Глава 1

Примечание

я думала, что надо будет писать какие-то дисклеймеры или типа того, но они вышли такими софтовыми дурашками, я люблю их😭😭😭

после переезда начались странные сны, наполненные плотоядным урчанием, греховно-спертым теплом и хлюпающей наполненностью, из-за которых октавиан просыпался в легких судорогах и с мокрым пятном на пижамных шортах, а потом стыдливо бежал приводить себя в порядок в ванную. уже там, устало опираясь на раковину, он напоминал сам себе, что ему уже двадцать один, и он не должен стыдиться естественных реакций организма. после мысленной беседы с самим собой он устало плелся обратно в комнату, мешком падая на кровать, практически не замечая непонятных мечущихся по стенам теней, чтобы провалиться в беспокойную маревно-серую дремоту и проворочаться в ней до утра.


обычно к этому времени инцидент успевал выветриться у него из головы, отдаваясь лишь сонливостью и усталостью, но вечерами, приходя домой из университета, октавиан раз за разом прокручивал эти странности в голове, отмечая, что дома такого не было. но возвращаться в родительское гнездо, которое для ричардсона скорее было тюрьмой с рвом и электричеством, он не собирался.


странности квартиры на этом не заканчивались: рассеянный и многозадачный октавиан частенько терял маленькие вещи, будь то ключи, наушники или канцелярские принадлежности, которые, казалось бы, пропадали навсегда, как бы отчаянно он ни искал их, но на следующий же день они обнаруживались на самом видном месте. как и таблетки, которые он должен был принимать, напоминалки о мелких бытовых делах или просто небольшие приятные сюрпризы вроде парочки его любимых конфет. все это он списывал на свою забывчивость, не пугаясь из-за этих происшествий, ведь от них была только польза, а не вред. конечно, он пытался разобраться в происходящем, но, не найдя никакого внятного ответа, просто оставил это в покое, пытаясь игнорировать необъяснимость этого места. ведь в странных звуках, перемещениях предметов и тенях нет ничего криминального, а он слишком устал для того, чтобы пугаться.

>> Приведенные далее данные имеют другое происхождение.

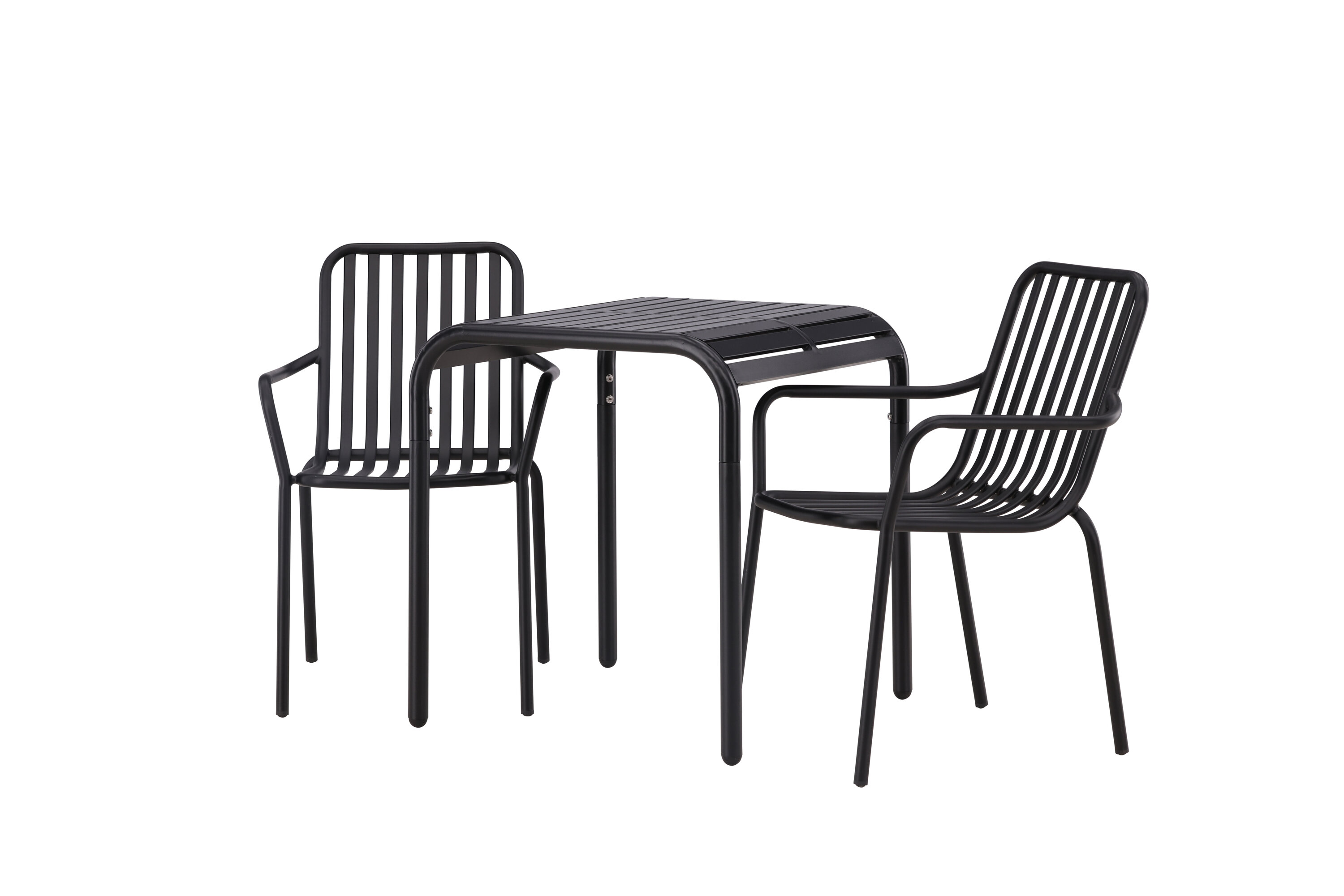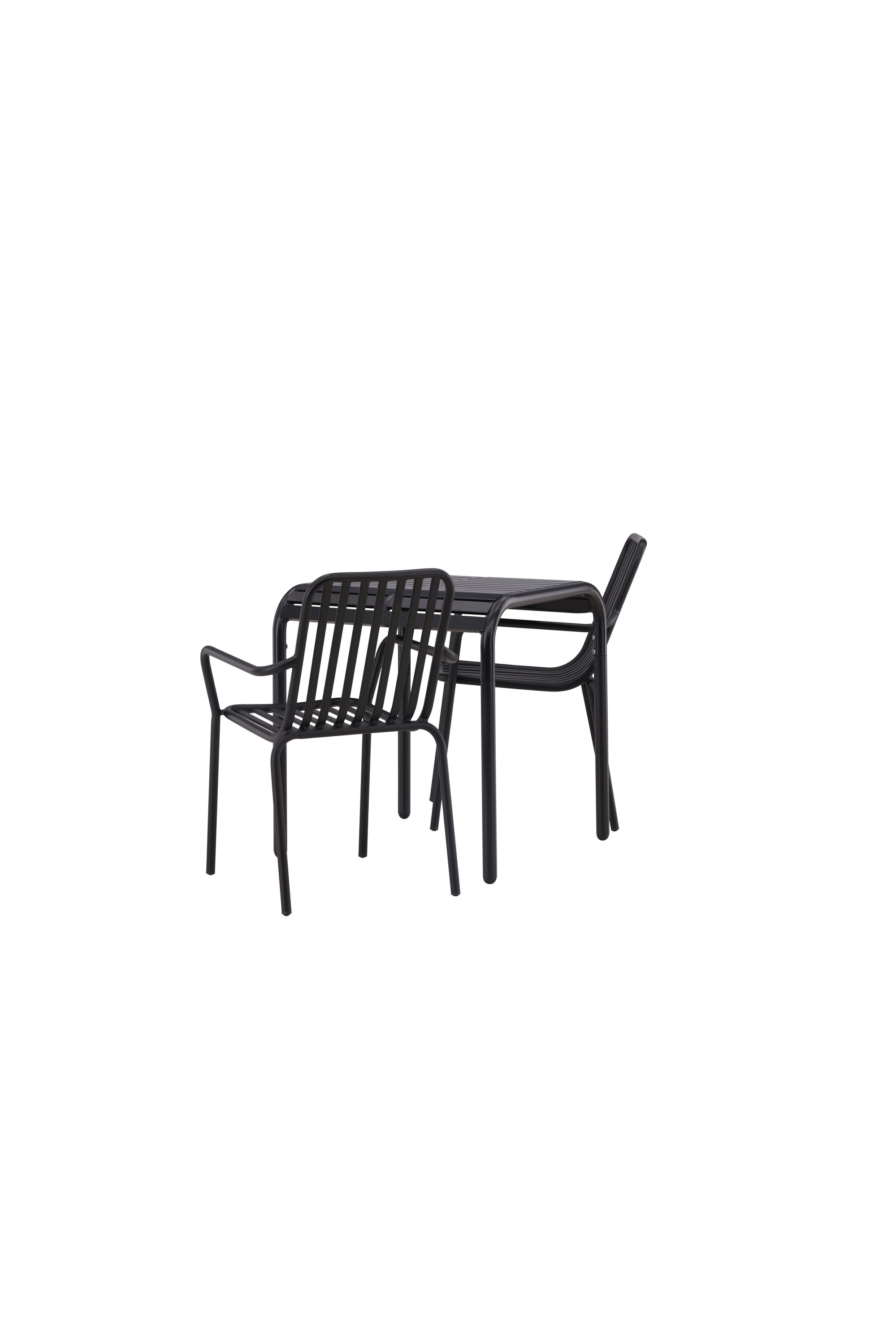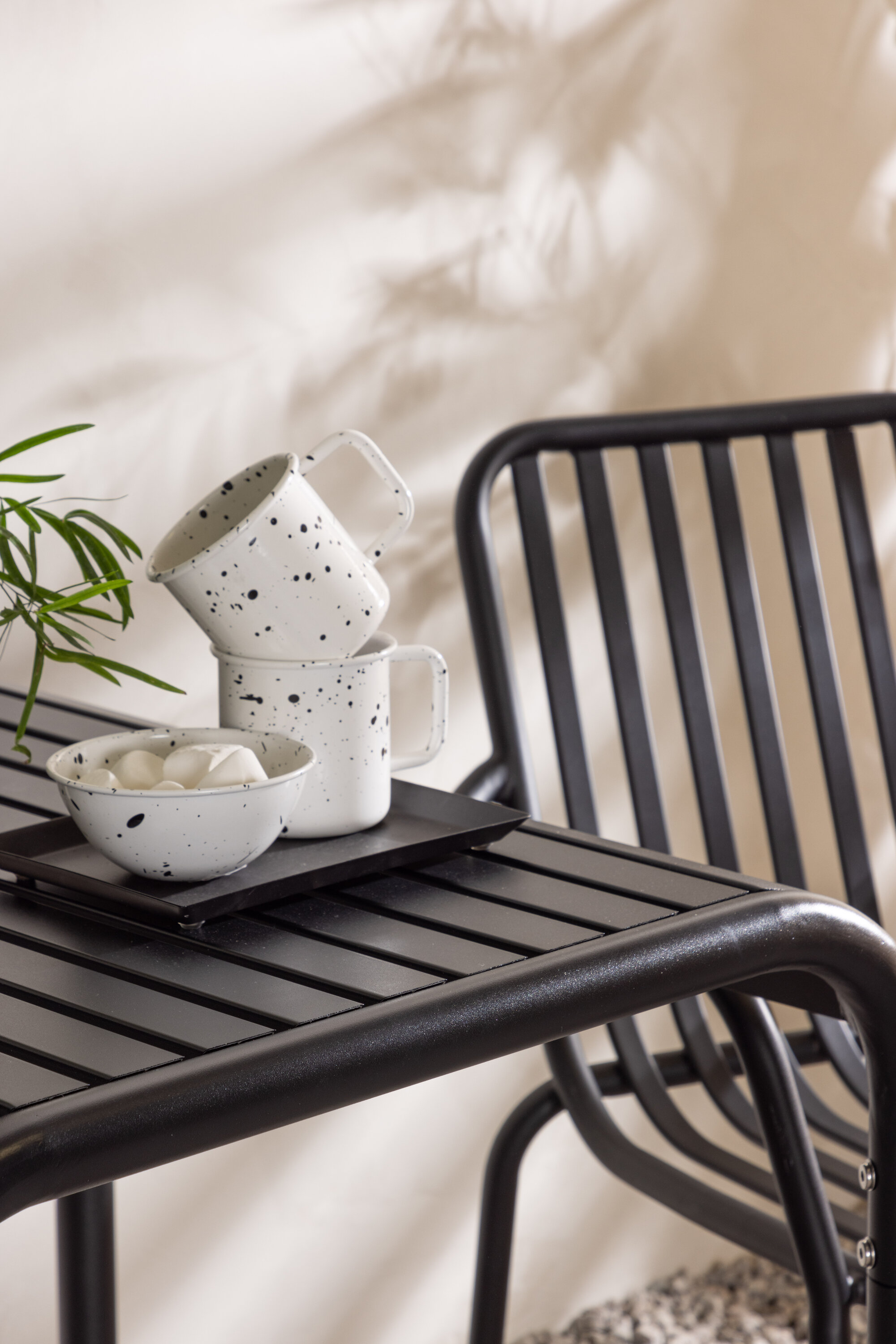 Kaasaegne ja kutsuv kohvikuseltskond, millest õhkub võlu! Borneo seeria laual on ajatu Skandinaavia disain. Lauaplaat on soonikkoes ja mööda servi allapoole lainetav. Kõik koos valmistatud mustast alumiiniumist, mis annab teile vastupidava laua, mida on lihtne liigutada. Siin on stiilne kombinatsioon 2 Pekingi sarja söögitooliga. Alumiiniumist ja tahmamust värvi sooniline disain muudab tooli nii kaasaegse kui ka ajatu. Joo sel suvel kohvi väljas! Laua mõõdud: 70x70cm.

долгожданные каникулы обещали стать отдушиной после тяжелого семестра. у октавиана не было каких-то особых планов на это время за неимением друзей, которые могли бы его куда-то вытащить или больших финансов, чтобы сорваться в путешествие, и все, о чем он мечтал — это выспаться.


сегодня он уверял себя, что займется своим режимом, но вышел из душа лишь в полдвенадцатого.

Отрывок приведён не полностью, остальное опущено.